As with many disputes that have erupted recently with orchestras that are venue-specific, some money woes can be traced to the demands of the concert hall itself.
For FWSO, the answer lies somewhere in the netherworld between the company’s mythical financial tailspin (a $600,000 deficit is alleged) and its murky dealings over the occupancy expenses and operation of its rehearsal and concert venue, Bass Performance Hall. That venue’s stated mission is “to serve as a permanent home to major performing arts organizations of Fort Worth and as a premiere venue for other attractions so as to enhance the range, quality, and accessibility of cultural fare available to the public; to promulgate arts education; and to contribute to the cultural life of Fort Worth, Tarrant County, and the region.”

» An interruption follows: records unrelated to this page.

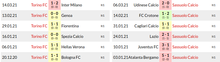 - Torino lost to league leaders Inter Milan ast time out making back-to-back defeats, they had drawn five and won once in the last 11 encounters.
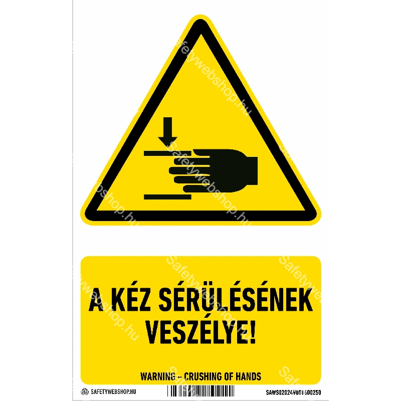 Kezdőlap » A kéz sérülésének veszélye! matrica / tábla (ISO 7010-W024 piktogram + felirat)
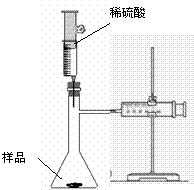 (2)另称取相同质量的样品放入瓶中,实验装置如右图所示。推动针筒逐滴加入稀硫酸,至没有气泡产生为止,共消耗10mL稀硫酸。为了保证实验成功,所选用的用于测量气体体积的针筒的最大刻度值应大于或等于_____ ___(mL)(设实验在标准状况下进行)。实验中针筒中收集到的气体折算成标准状况下的体积为VmL(针筒活塞的内壁的摩擦力忽略不计)。该科研小组设称取的每份样品中的Na2CO3、NaHCO3的物质的量分别为x、y,且没有利用化学方程式进行计算,就列出了如下算式:x+y=(V-10)/22400,他们依据的原理是____ _____。根据相似原理,请完成下列算式:

In Cowtown, when you talk the talk, you gotta walk the walk, except if you’re Bass Hall. The venue threw its mission statement in the toilet in 2009 when Texas Ballet Theater, a resident company, was permitted to dump FWSO as its pit orchestra and perform a six-week season to tape, including a tape made in China at a cost of $30,000. Was that cultural enhancement? Hardly. It was pure horse hockey. It cost FWSO a six-week pay cut.
Bass Hall was built in 1997-1998 on land donated by the Bass family at a cost of $74 million in private funds. In contrast, the Ballpark in Arlington cost $174 million. Today, Bass Hall total assets stand at $74 million. And the folks there always see to it that there is plenty of green to go around for the top hands’ salaries. President/CEO Dione Kennedy hauled off nearly $450,000 Texas buckaroos last year.

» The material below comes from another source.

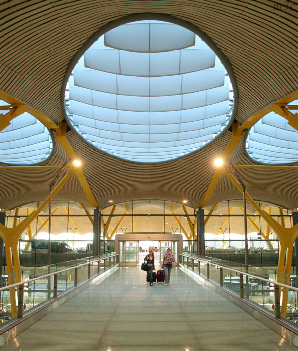 T4는 페로비알이 건설하고 리처드 로저스, 루이스 비달(2006년 스터링상 수상), TPS 엔지니어(2006년 IStructE 어워드 상업 구조물 부문 수상)가 설계했다. T4는 세계에서 가장 큰 공항 터미널 중 하나로, 76만 제곱미터(8,180,572 평방피트) 면적에 지상 구역과 항공 구역 구조물로 구성된다. T4(470000m2)와 T4S(290000m2)는 약 2km 떨어져 있다. T4는 조명, 유리창, 채광창을 통해 자연광을 활용하여 편안한 여행을 돕도록 설계되었다.

Against this background, the courageous members of the orchestra have chosen to do more than just bargain hard, while extending community outreach through social media. They are standing up and standing together, live and in-person, fighting management’s wrongheaded proposals by demanding that the company provide for the orchestra in a manner consistent with the artistic power they bring to every performance.
With the support of DFW Local 72-147, FWSO musicians have found innovative and effective new ways to demonstrate their resolve to oppose regression and deliver their message—GROWTH, NOT CUTS—directly to the audience and community.

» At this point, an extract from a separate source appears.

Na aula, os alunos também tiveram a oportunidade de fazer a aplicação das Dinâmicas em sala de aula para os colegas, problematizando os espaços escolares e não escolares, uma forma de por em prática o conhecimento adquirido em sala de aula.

Violist and negotiating committee chair Scott Jessup, flanked by his committee colleagues, surprised a Saturday night crowd October 24 when, immediately prior to the start of the performance, he read a statement that included the following:
“Going backward is not the Ft. Worth way and dishonors the legacy of one of our oldest cultural treasures. We ask you to stand with us to show our management that these musicians, and this city, deserve a world-class orchestra with a vision for our future that promotes GROWTH, NOT CUTS.”
A few days later, prior to a Friday evening concert, 60 FWSO musicians materialized in Sundance Square, a cluster of upscale eateries and shops adjacent to the venue, and delivered an impromptu flashmob performance of Barroso’s samba, “Brazil.” The demonstration brought the contract dispute front and center to Sundance shop owners and directly to the eyes and ears of consumers whose discretionary spending is vitally important to the neighborhood, particularly when FWSO concerts occur at Bass Hall.
It appears that Fort Worth Orchestra musicians are demonstrating to management, their neighborhood, their community, and other orchestras throughout Federation land that they will do much more in the face of adversity than previously done. Their actions are those of a musicians’ union in the truest sense. For that, we owe them a debt of gratitude and our thanks and support for showing us the way. For current information about the state of FWSO negotiations, visit www.FWSOmusicians.com.
Best wishes for a happy holiday season and a healthy and productive New Year!